I wonder why the tears still came on the last day of the baseball season.   The Cubs had won the division, and there was to be more, at least a few games if not a trip to the World Series, of the game that I so loved.  Maybe I don’t know any better.  I wonder if the Cubs will win the World Series.  I wonder if I knew that answer now, whether the journey would still hold the same magic.  What I do not wonder, though, is whether I will love the team, and the game, next year and all those following, no matter what happens this October.

Aaron was not angry anymore.  He left the corn crib with a new skip in his step, absolutely beaming, and holding his prized possession: a Betty Jameson driver that represents determination, strength, and triumph to a little boy who is often overshadowed by things bigger than he is.

I’m glad he was brave enough to believe in himself.  I believe in him, and in all of my kids.  One day, I will take Ethan to a baseball game, and he won’t have to worry about the crowds, the bees, the smell of the food, or getting hit by a foul ball.  Hopefully, the Cubs will be on their  way to yet another championship.  One day, he will know what it is like not to have to worry, to not have swirling thoughts that constantly entangle him and will not go away.  He can leave that to me.  Things will be different for him, one day.  I just don’t think I want to know what will happen between now and then: how many times I will need to pry the wild rhubarb from the cracks in the corn crib floor; how many times our days will, like the glass, be shattered.  I don’t want to know, because the magic and triumph of that day will bring glory that can come only through the experience, through the bruises, the fears, and the disbelief.  And I cannot look away from that.

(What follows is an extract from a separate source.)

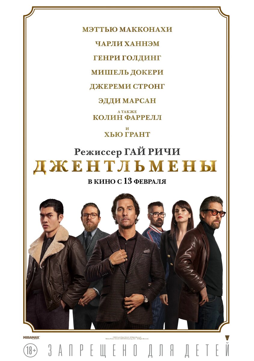Фильм «Джентльмены» (2019) — это криминальная комедия от мастера жанра Гая Ричи. Режиссёр возвращается к своему любимому стилю после работы над фильмами «Агенты А.Н.К.Л.» и «Меч короля Артура». В центре сюжета — история Микки Пирсона, который придумал новый способ выращивания марихуаны и решает продать свой бизнес. Частный сыщик Флетчер предлагает свои услуги, чтобы помочь Микки с продажей. Фильм отличается от предыдущих работ Ричи тем, что действие происходит в более солидном и размеренном мире криминала. Большая часть фильма представляет собой один большой флэшбек, рассказанный от лица ненадёжного рассказчика. В фильме присутствуют остроумные диалоги и красивые съёмки. Главные герои фильма яркие и харизматичные, среди них можно выделить Макконахи в идеальном костюме и Колина Фаррелла в спортивном костюме. Режиссёр не стесняется показывать любимых звёзд в нелепых ситуациях, что добавляет фильму юмора и самоиронии. «Джентльмены» — зрелый ироничный фильм с солидным актёрским составом, о

His Nike high top met my cheek with such a force that my glasses flew from my face.   There we were in the new doctor’s office, and my boy did not want to get on the scale.  This time, there was no shattered glass.   I hadn’t seen it coming, and it would have been nice to have a warning.  He could have at least called, “fore!”  What if I had known?  What if I had turned away?  How could I?

Through what is broken, through what stirs your soul, through what brings your greatest joys, even through twenty more medication trials, there will always be another day, holding mystery all it’s own.